"Get yore head down to the water," Billie called into the ear of the girl.

They lay on the rocks in the shallow water and let the black smoke waves pour over them. Lee felt herself strangling and tried to rise, but a heavy hand on her shoulder held her face down. She sputtered and coughed, fighting desperately for breath. A silk handkerchief was slipped over her face and knotted behind. She felt sick and dizzy. The knowledge flashed across her mind that she could not stand this long. In its wake came another dreadful thought. Was she going to die?

The hand on her shoulder relaxed. Lee felt herself lifted to her feet. She caught at Billie's arm to steady herself, for she was still queer in the head. For a few moments she stood there coughing the smoke out of her lungs. His arm slipped around her shoulder.

"Take yore time," he advised.

A second shift of the breeze had swept the smoke away. This had saved their lives, but it had also given Snaith's men another chance at them A bullet whistled past the head of Clanton, who was for the time a few yards from his friends. Instantly he whipped the rifle up and fired.

"No luck" he grumbled. "My eyes are sore from the smoke. I can't half see."

Lee was not yet quite herself. The experience through which she had just passed had shaken her nerves.

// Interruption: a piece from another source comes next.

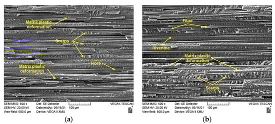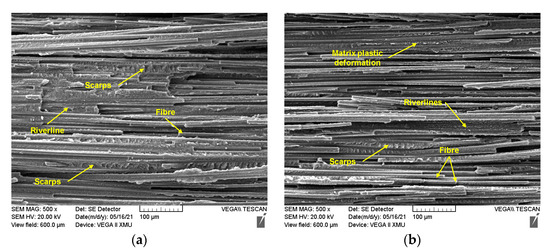 Figure 11b is the SEM image of the fractured 30° off-axis tension specimen. As the off-axis angle increased, the tension stress component within the matrix increased. The fractured surface exhibits scarps, riverline and a larger amount of matrix plastic deformation under a tension/shear combined stress state. The tension/shear coupling effect leads to increased plastic fracture features. Fibre fractures can also be identified owing to tension loading.

"Let's get out of here quick!" she cried.

"Take yore time. There's no hurry," Prince iterated. "They won't shoot again, now Jim's close to us."

The younger man grinned, as he had a habit of doing when the cards fell against him. "Where'd we go? Look, they've headed us off. We can't travel forward. We can't go back. I expect we'll have to file on the quarter-section where we are," he drawled.